[Opening Dataset section section]

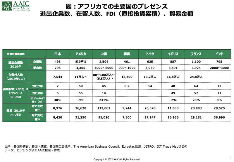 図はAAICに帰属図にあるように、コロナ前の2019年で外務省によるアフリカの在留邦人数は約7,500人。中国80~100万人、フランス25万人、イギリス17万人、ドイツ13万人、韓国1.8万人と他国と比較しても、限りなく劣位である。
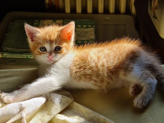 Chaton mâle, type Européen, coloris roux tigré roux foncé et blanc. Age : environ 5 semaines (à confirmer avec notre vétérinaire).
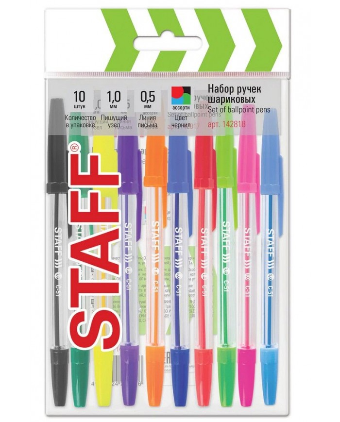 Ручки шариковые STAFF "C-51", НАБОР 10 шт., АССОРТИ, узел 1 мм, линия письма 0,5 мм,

[Closing Dataset section section]

Please copy the data shown above word for word, omitting the pictures.

- **Exercise response**
 図はAAICに帰属図にあるように、コロナ前の2019年で外務省によるアフリカの在留邦人数は約7,500人。中国80~100万人、フランス25万人、イギリス17万人、ドイツ13万人、韓国1.8万人と他国と比較しても、限りなく劣位である。
 Chaton mâle, type Européen, coloris roux tigré roux foncé et blanc. Age : environ 5 semaines (à confirmer avec notre vétérinaire).
 Ручки шариковые STAFF "C-51", НАБОР 10 шт., АССОРТИ, узел 1 мм, линия письма 0,5 мм,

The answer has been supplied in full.